Jesus was absolutely a substitute for us on the Cross; this is well-supported by countless N.T. texts. The question is what kind of substitute? Penal S.A would have us believe that Jesus is the wrath-bearer - as though he's essentially jumping in front of God's bullet for us. As I explained in the previous note, I don't find this to be in keeping with the God of Scripture or the Distributive Justice we see the Prophets and Jesus bear witness to.
So what does that leave us? What does the Cross do? Any Christianity without the Cross is essentially Gnosticism (at best). Two things I want to affirm:
- However we understand Sin, we must understand that it's effect on us makes us incapable of saving ourselves. Jesus cannot be just a good moral teacher or an example for us to follow (though he is both of those things), as several of you believed I was stating in my last post.
- Whatever happened at the Cross (and in the Tomb on Resurrection Sunday) reversed the effects of Sin. (Trying to be as vague as possible) The Christ Event (death + resurrection) enables us to participate in God's Kingdom as new (re)creations.
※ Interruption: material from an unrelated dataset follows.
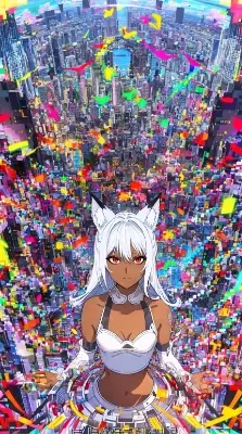 (bright colors:1.10), (transparent colors:1.10), (solo:1.20), (dark skinned female:1.20), (fox ears:1.20), (black separated t-shirt:1.10), simple long dress, midriff, detached sleeves, (white hair), small chest, red eyes, bare shoulders, BREAK extremely detailed, (magnificent view:1.30), viewer from above, (killer queen:1.10), story teller, <lora:Moxin_Shukezouma11:0.20> <lora:fladdict-watercolor-sd-1-5:0.20> <lora:KM_NarutoS-V2:0.70>

Now, if that's true, how? How did the Cross do that? Here is my take:
In the Garden, we chose Self-determination over Eternal Life. Simply put, we chose to take the power to set the rules, and it killed us. In the Christian vernacular, this choice to act as God is called Sin. Sin produces violence (Genesis 6), and violence produces death. Always. Violence is a product of our decision to place ourselves in the place of God (James 4:1-2). The OT established a temporary fix for this - the Temple Cult and the institution of Animal Sacrifice. And this system is pretty clearly based on some sort of Atonement theory (I'm not sure it's penal) - what goes on in the Temple serves to maintain the created order. In fact, this goes back to Genesis 15 and God's covenant with Abraham. They cut an animal in two and God walks between the pieces. Essentially, they were symbolically saying that if either party broke the covenant, they would be put to death. Thus we have a sort of fix in that we have animals who are substituted for humans (again, possibly penal-ly, possibly not). So in this system, we have violence done by humans that atones for violence done by humans.
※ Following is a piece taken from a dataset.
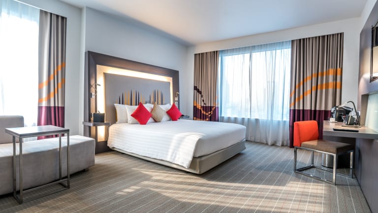 Das Novotel Bangkok Ploenchit Sukhumvit befindet sich in einer erstklassigen Lage im Herzen von Bangkok. Die BTS-Skytrain-Station Ploenchit liegt direkt vor der Tür und ermöglicht einen einfachen Zugang zu den Geschäftsvierteln der Stadt. Die Einkaufszentren Central Embassy und Central Chidlom erreichen Sie in nur 3 Gehminuten. Beliebte Einkaufszentren wie das CentralWorld, MBK und Siam Paragon sind ebenfalls leicht erreichbar. Der internationale Flughafen Bangkok-Suvarnabhumi ist nur 45 Fahrminuten entfernt.
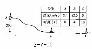 15.(05上海) (15分)如图3-A-10所示,某人乘雪橇从雪坡经A点滑至B点,接着沿水平路面滑至C点停止.人与雪橇的总质量为70kg.表中记录了沿坡滑下过程中的有关数据,请根据图表中的数据解决下列问题:

But Hebrews argues eloquently that even this system was inadequate. As N.T. Wright points out: Humans were meant to be the priests of creation. They were flawed, and so Israel was chosen to be priests of Humanity. But they were flawed, so the Levites were chosen to be priests of Israel. But they were flawed and so a High Priest was chosen even over them. But even he was flawed.
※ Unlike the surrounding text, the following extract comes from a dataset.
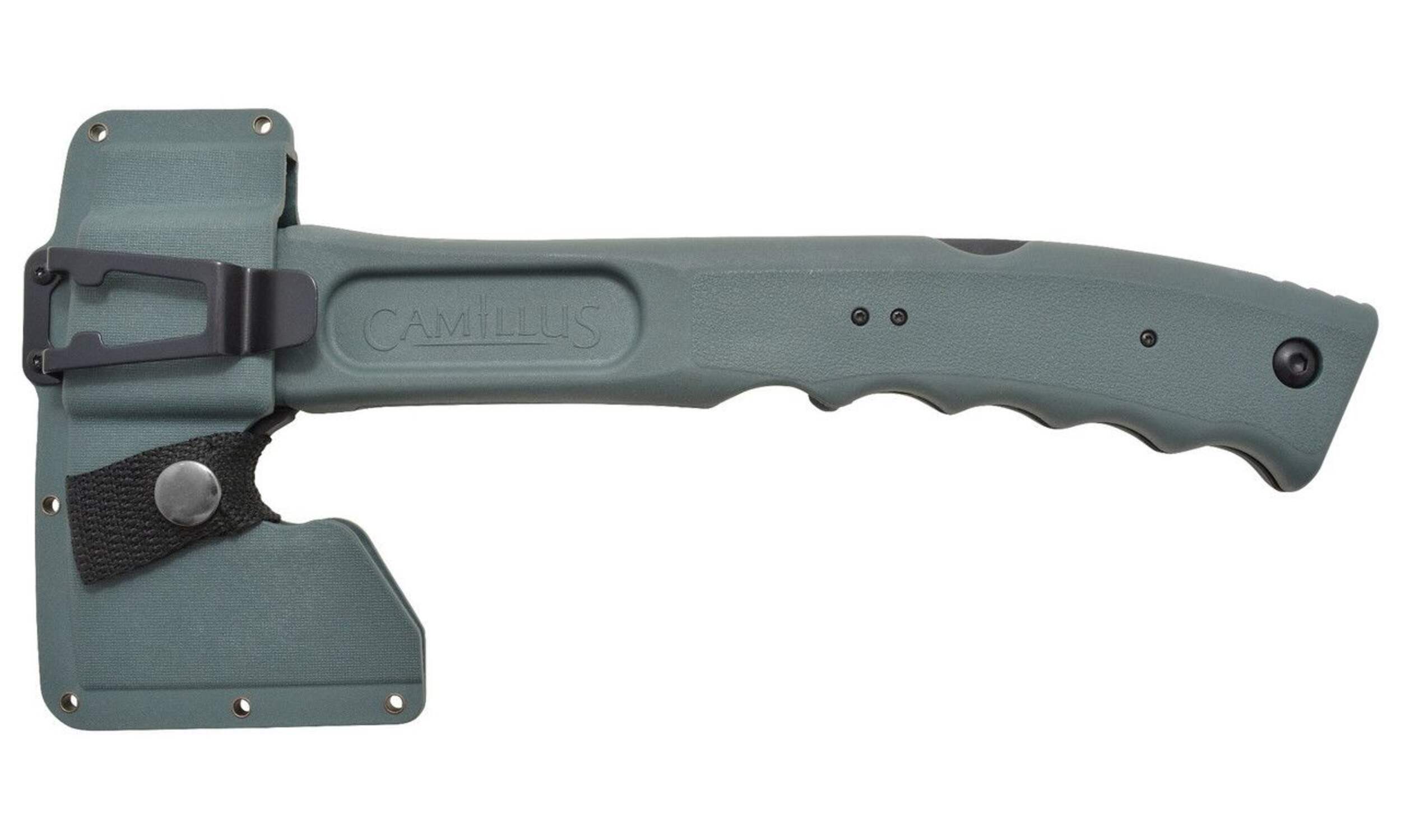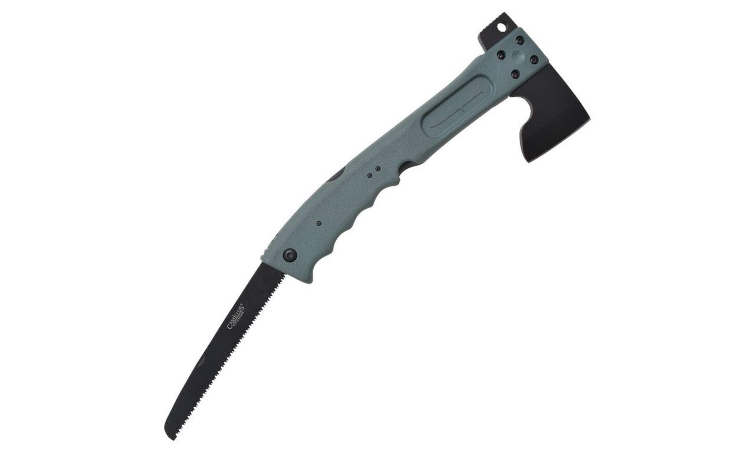The Camillus CAMTRAX 3-in-1 Hatchet is a model of technical prowess and unsurpassed versatility. Including a hatchet, lockback saw, and hammer with a moulded sheath to secure it all, this high-tech multi-tool has an answer for every outdoor challenge. Lightweight, corrosion resistant and incredibly strong, this survival hatchet includes an integrated bottle opener and Lifetime Manufacturer's Warranty.

And this is where Jesus comes in… God becomes a child of Abraham so that a child of Abraham can bear the death the covenant requires. He who had done no violence became the object of all of our violence. He absorbed the violence/sin/death into himself so that it might be ended. This is why the N.T. so consistently speaks of the Cross as the beginning of a new age. Jesus' death is once-and-for-all. In him, all of our Sin and Violence were brought to an end. He made peace with our violence. And so we must participate in his death. We must join him in the way he has opened up. Paul's admonitions to die with Christ make no sense in a Penal S.A. system - the whole point of Jesus' death then is so that we don't have to. But Paul recognizes that we are still fallen, still selfish, still violent. And so we must embrace Jesus' death as our own. He bore the consequences of our Selfish/Sinful choices - Violence and Death - so that we don't have to. He was not punished in our place. He died in our place. If he's protecting us from anything, it's from the consequences of our own choices (which is in the N.T., God's wrath - see Romans 1). But God's wrath is giving us what we ask for (and deserve), rather than what we need.
What we need is the Cross. What we need is Jesus. He is the only person who can free us from slavery to ourselves. He is the only person who can teach us how to live generous lives in imitation of him. Ultimately, Jesus' character is God's character. And what we see in Jesus is salvation, not wrath. What we see is Justice, not Retribution. What we see is Love.